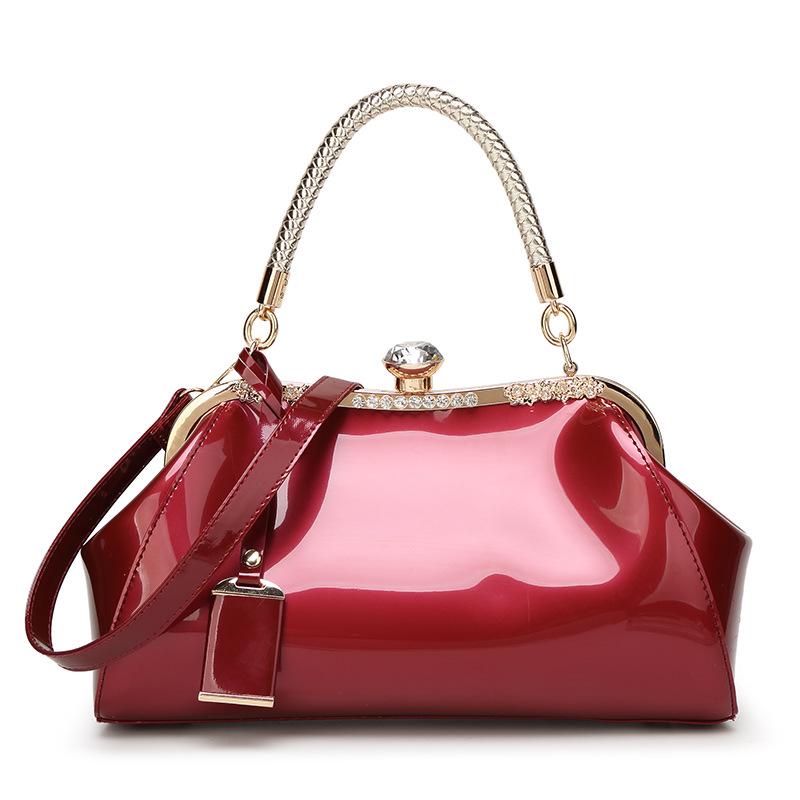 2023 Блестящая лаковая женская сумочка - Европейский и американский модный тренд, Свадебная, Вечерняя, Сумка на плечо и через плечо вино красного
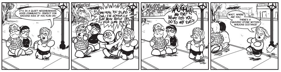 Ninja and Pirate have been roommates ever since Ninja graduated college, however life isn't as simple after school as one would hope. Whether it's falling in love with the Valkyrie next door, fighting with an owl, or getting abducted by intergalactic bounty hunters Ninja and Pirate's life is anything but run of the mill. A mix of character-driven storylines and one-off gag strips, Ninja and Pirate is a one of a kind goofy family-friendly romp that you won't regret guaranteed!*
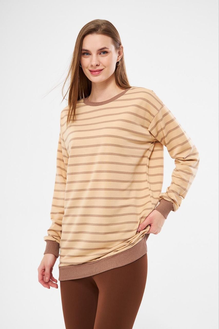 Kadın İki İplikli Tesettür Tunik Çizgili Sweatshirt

- - -

* ABOUT THIS TASK
Return the full listing exactly as it appears above, without its pictures.

* WRITTEN ANSWER
 2023 Блестящая лаковая женская сумочка - Европейский и американский модный тренд, Свадебная, Вечерняя, Сумка на плечо и через плечо вино красного
 Ninja and Pirate have been roommates ever since Ninja graduated college, however life isn't as simple after school as one would hope. Whether it's falling in love with the Valkyrie next door, fighting with an owl, or getting abducted by intergalactic bounty hunters Ninja and Pirate's life is anything but run of the mill. A mix of character-driven storylines and one-off gag strips, Ninja and Pirate is a one of a kind goofy family-friendly romp that you won't regret guaranteed!*
 Kadın İki İplikli Tesettür Tunik Çizgili Sweatshirt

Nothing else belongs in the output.